— TASK DESCRIPTION —
Please write out only the lines from the line with "composition of various" to the line with "EOSPHOROS met à", inclusive, exactly as they stand below, without the pictures.

------ MATERIAL SHOWN ------

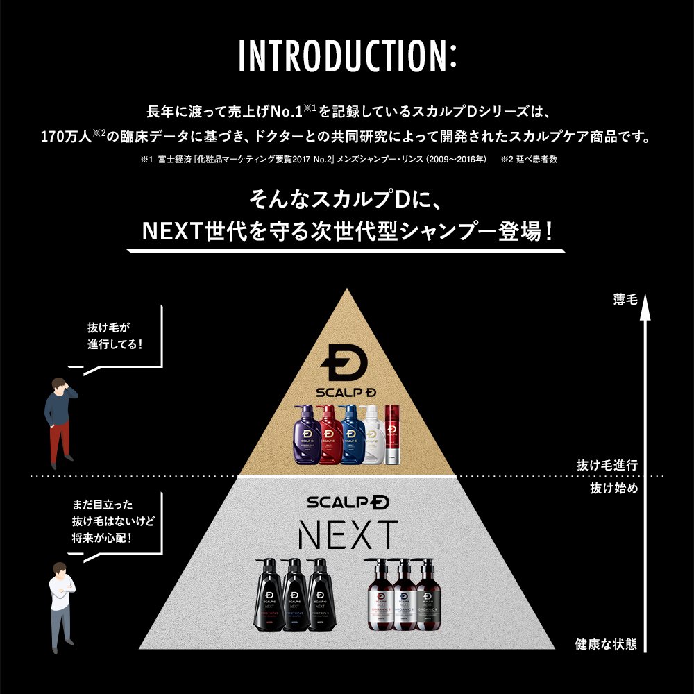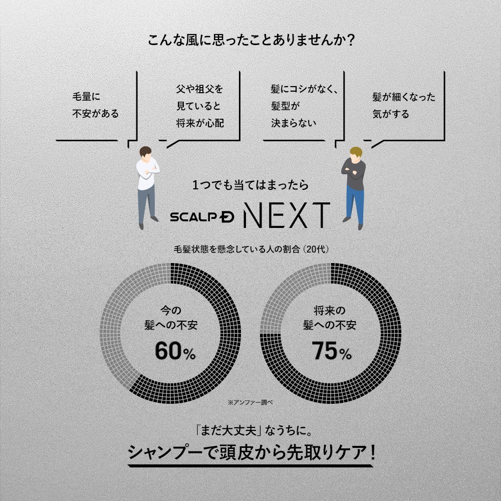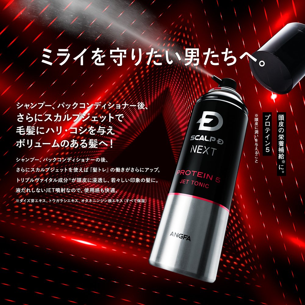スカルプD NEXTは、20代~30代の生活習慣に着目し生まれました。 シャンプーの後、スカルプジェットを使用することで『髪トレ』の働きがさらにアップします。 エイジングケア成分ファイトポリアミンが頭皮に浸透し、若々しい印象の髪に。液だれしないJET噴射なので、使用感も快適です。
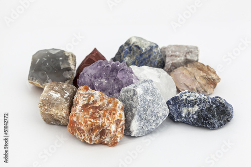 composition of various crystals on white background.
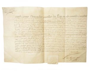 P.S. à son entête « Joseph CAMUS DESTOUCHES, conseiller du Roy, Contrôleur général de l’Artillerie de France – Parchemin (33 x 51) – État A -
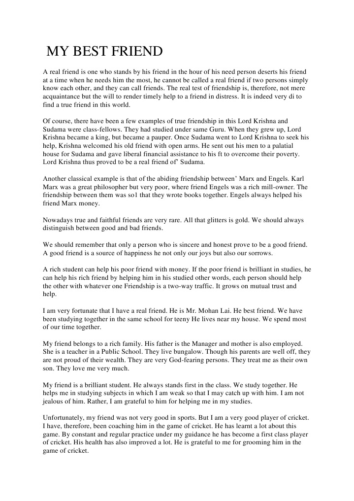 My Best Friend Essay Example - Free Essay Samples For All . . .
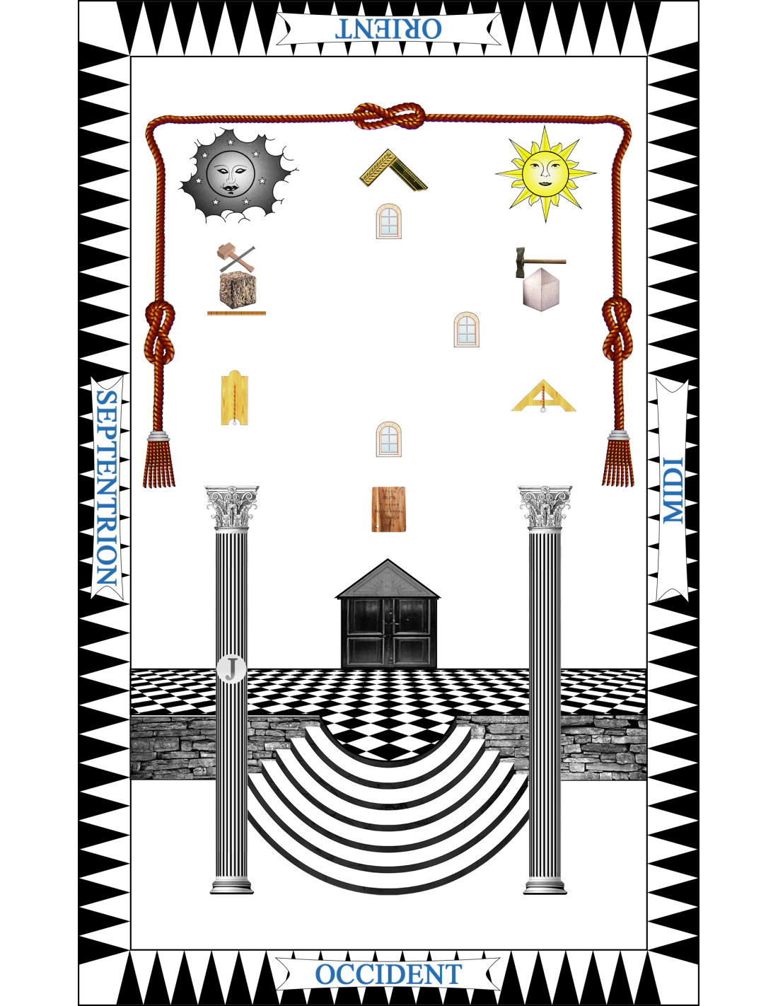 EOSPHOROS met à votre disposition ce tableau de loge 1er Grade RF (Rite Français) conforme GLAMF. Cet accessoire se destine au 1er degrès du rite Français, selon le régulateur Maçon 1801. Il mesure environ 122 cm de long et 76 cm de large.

------
------ MATERIAL SHOWN ------

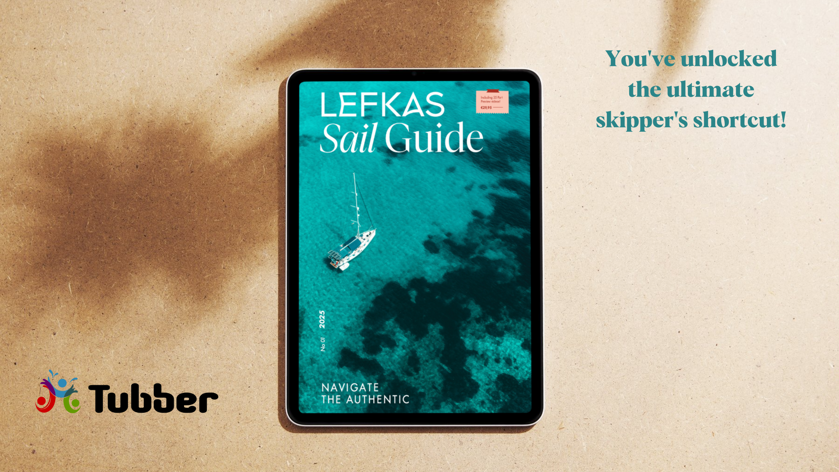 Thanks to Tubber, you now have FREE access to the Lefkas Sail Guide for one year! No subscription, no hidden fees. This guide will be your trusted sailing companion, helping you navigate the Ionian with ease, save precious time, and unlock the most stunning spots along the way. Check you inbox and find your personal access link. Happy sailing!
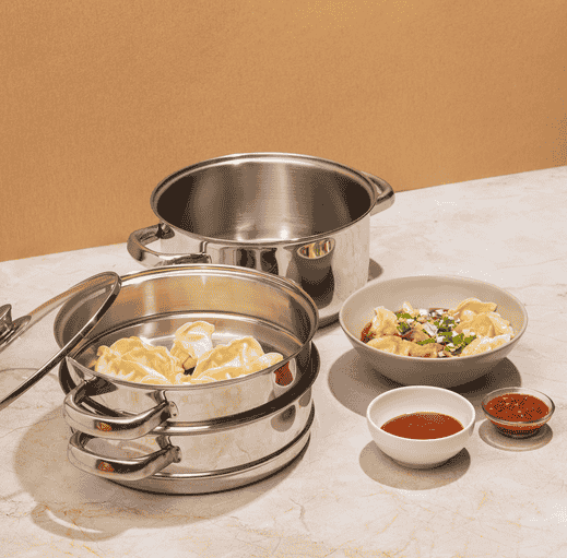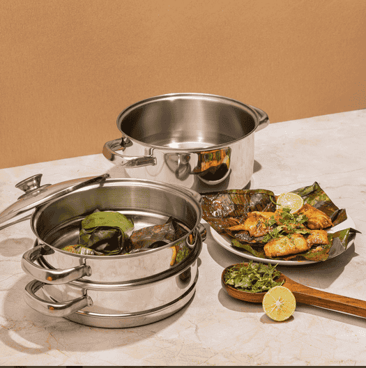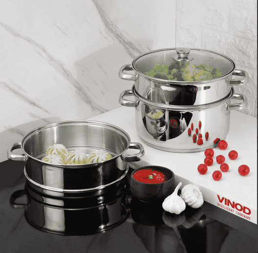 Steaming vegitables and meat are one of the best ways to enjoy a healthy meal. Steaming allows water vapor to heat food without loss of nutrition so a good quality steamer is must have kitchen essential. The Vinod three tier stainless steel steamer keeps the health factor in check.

------

— THE COMPLETED TASK —
 composition of various crystals on white background.
 P.S. à son entête « Joseph CAMUS DESTOUCHES, conseiller du Roy, Contrôleur général de l’Artillerie de France – Parchemin (33 x 51) – État A -
 My Best Friend Essay Example - Free Essay Samples For All . . .
 EOSPHOROS met à votre disposition ce tableau de loge 1er Grade RF (Rite Français) conforme GLAMF. Cet accessoire se destine au 1er degrès du rite Français, selon le régulateur Maçon 1801. Il mesure environ 122 cm de long et 76 cm de large.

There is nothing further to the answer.